After obtaining her Bachelor's degree in Biomedical Engineering at NUI Galway, Fiona E. Freeman began her Ph.D. on “Endochondral Ossification: A new strategy for bone tissue regeneration” in NUIG. Since completing her Ph.D. in 2015, Fiona has worked as a postdoctoral researcher in NUIG and currently in Trinity College Dublin. Her research theme is investigating the use of 3D bioprinting to create a cell-free, mecahically stable composite construct for the repair and regeneration of large bone defects.

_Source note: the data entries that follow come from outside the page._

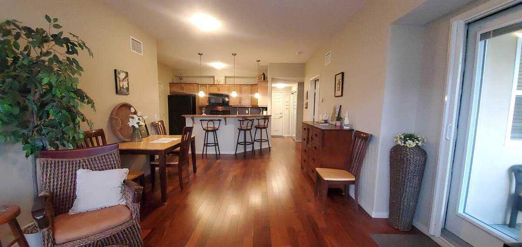 For additional information, please click on Brochure button below. Vacant! Downsize your space and upscale your living with affordable living. The Aviemore a 55+ sought after community with maintenance free resort style living. This outstanding non-smoking, 2 bedroom, 2 full bathroom main floor condo boasts a bright open floor plan with 9 ft ceilings that feels like a single family home! You have 2 ways to access your condo: via multiple entrances to the complex or directly via the condo's patio which has gas BBQ hook up and a green space that lets you (& your pet) come and go as you please. Included is a titled single secure underground heated parking space with storage and is steps away from street parking. This unit has central heat and air conditioning, maple cabinetry throughout, hardwood laminate floors, all black energy star appliances, raised eating bar. Master bedroom has walk-through mirrored closets entering into 5-pc ensuite. Second bedroom is besides a 4-pc bath & close by is laundry/storage area with stacked washer/dryer. The condo fees include: central heat and air conditioning, water/sewer, landscaping and snow removal, professional management, exterior building maintenance, insurance (except for contents), gym with steam room, games room, car wash,wood workshop, massive banquet room, library, outdoor BBQ area. There is also a full calendar of events to mingle and get to know new friends in this amazing complex! McKenzie Towne is a foot-friendly design with a small town feel and a vibrant retail district. You can walk to the grocery stores, pharmacy, restaurants, pubs, cafes, community center, parks, ponds and transit. It is a stones throw away from Fish Creek Park, several golf courses, South Health Campus Hospital and all the retail and medical services at 130th Ave. Complex has 2 guest suites for out-of-town visitors. Vacant! Ready to make it your home!
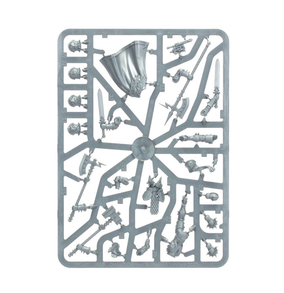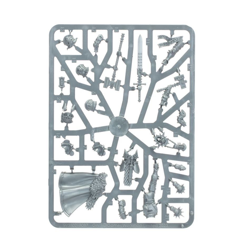 6 элитных вечных штурмовиков, каждый из которых - странствующий герой, сведенный вместе судьбой. Эти составные пластиковые миниатюры включают в себя 6 странствующих квесторов, вооруженных разнообразным оружием - две модели в этом универсальном наборе поочередно могут быть построены как простые квесторы, а две поочередно могут быть построены как рыцари–реликторы
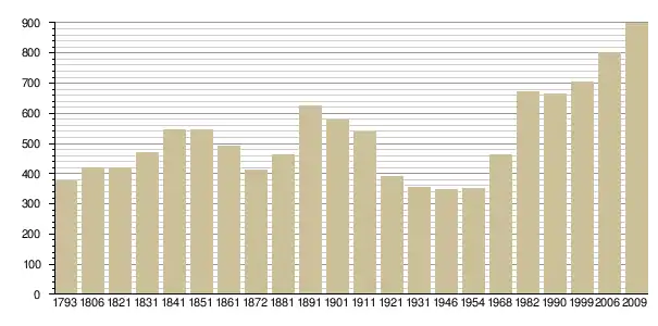 Динаміка населення (INSEE[4] і Cassini[5] ):
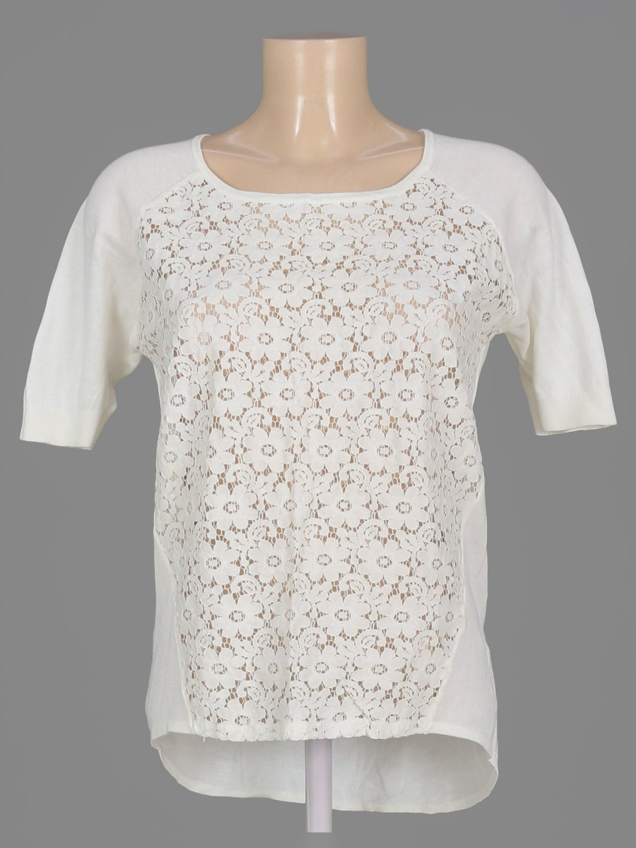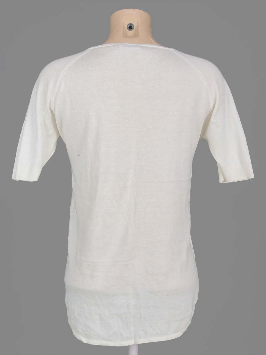 Маркировка на изделии 40. Замер рукава указан от горловины. Есть катышки, дырочка в области подмышки, ткань местами немного вытянулась.
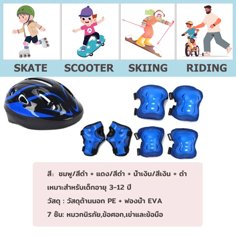ชุดหมวกกันน็อค สนับเข่าเด็ก อุปกรณ์ป้องกันเด็ก สําหรับเด็ก 7ชิ้น สนับเข่าเด็ก อุปกรณ์ป้องกันสเกตบอร์ด

Dr. Daniel Kelly is the Professor of Tissue Engineering and Director of the Centre for Bioengineering in Trinity College Dublin. He is a past recipient of a Science Foundation Ireland President of Ireland Young Researcher Award, a Fulbright Visiting Scholar grant (at the Department of Biomedical Engineering at Columbia University, New York) and two European Research Council awards (Starter grant 2010; Consolidator grant 2015). His research focuses on developing novel tissue engineering and 3D bioprinting strategies to regenerate damaged and diseased musculoskeletal tissues.